LISTED RECORDS:
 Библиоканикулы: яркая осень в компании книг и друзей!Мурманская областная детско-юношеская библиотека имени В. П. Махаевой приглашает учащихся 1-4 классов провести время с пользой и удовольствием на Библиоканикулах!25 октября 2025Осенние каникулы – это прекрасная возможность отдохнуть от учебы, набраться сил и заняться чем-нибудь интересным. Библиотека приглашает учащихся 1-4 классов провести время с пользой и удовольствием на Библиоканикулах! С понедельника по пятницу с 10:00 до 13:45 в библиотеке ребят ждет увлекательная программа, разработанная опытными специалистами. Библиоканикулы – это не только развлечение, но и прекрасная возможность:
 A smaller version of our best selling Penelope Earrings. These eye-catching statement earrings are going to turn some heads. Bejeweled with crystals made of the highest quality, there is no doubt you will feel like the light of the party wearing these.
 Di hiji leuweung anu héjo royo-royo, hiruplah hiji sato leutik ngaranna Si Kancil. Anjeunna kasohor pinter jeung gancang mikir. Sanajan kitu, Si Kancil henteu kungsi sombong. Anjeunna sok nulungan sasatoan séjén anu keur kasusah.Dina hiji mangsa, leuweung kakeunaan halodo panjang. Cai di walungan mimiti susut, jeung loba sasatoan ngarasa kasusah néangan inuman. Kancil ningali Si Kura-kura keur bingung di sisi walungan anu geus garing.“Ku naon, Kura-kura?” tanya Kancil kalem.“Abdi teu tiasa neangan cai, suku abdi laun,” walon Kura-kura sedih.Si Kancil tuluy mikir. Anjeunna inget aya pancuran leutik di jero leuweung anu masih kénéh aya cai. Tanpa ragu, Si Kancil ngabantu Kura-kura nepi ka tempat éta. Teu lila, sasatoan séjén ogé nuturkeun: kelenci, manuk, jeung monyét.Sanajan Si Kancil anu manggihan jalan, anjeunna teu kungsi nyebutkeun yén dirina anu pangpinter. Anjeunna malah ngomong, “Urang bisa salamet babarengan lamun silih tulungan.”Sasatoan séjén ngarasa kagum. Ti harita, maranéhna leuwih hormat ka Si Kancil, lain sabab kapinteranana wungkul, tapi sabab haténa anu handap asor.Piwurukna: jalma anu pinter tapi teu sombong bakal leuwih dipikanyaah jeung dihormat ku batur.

* * *

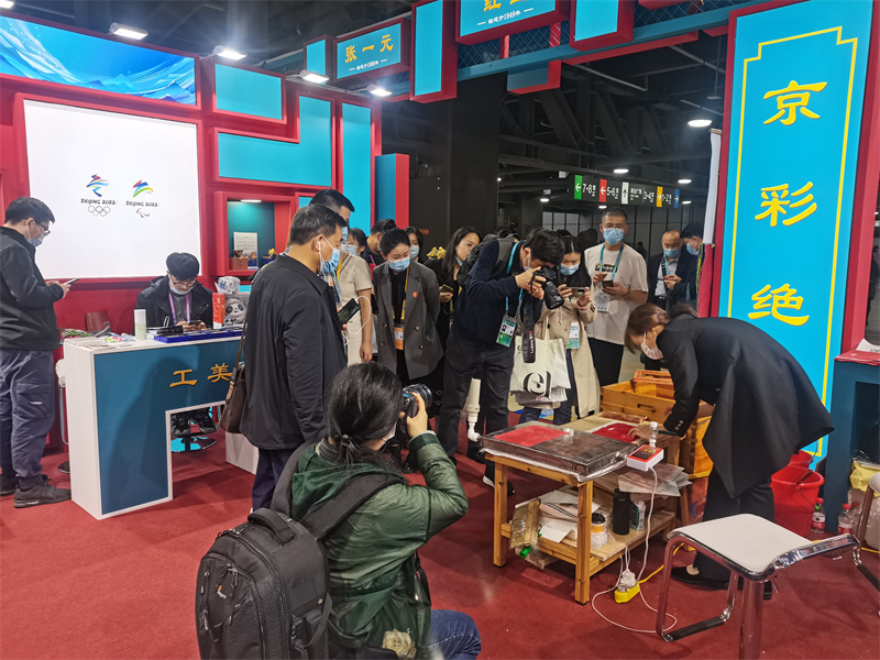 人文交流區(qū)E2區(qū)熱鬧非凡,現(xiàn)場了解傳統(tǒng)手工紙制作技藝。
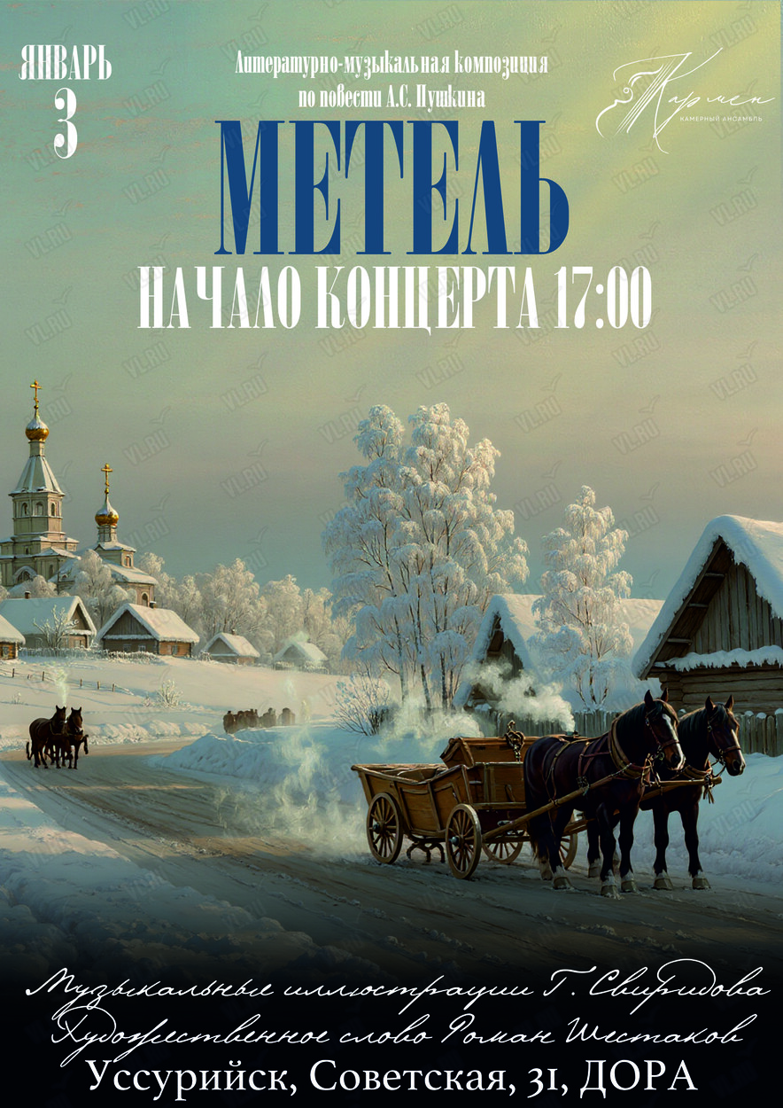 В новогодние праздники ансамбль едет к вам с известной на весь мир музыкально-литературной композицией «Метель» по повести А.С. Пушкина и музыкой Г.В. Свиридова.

--

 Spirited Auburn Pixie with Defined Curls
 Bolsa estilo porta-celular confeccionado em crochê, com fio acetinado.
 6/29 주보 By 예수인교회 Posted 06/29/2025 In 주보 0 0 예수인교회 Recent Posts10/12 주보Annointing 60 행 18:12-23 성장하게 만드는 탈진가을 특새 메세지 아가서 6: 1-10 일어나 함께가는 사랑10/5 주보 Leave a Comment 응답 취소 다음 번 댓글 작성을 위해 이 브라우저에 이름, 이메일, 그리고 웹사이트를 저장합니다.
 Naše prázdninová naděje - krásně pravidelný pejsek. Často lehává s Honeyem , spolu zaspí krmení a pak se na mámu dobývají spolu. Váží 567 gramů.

EXERCISE PROMPT:
Every line above that carries the string "with" should be copied.

THE ANSWER:
 A smaller version of our best selling Penelope Earrings. These eye-catching statement earrings are going to turn some heads. Bejeweled with crystals made of the highest quality, there is no doubt you will feel like the light of the party wearing these.
 Spirited Auburn Pixie with Defined Curls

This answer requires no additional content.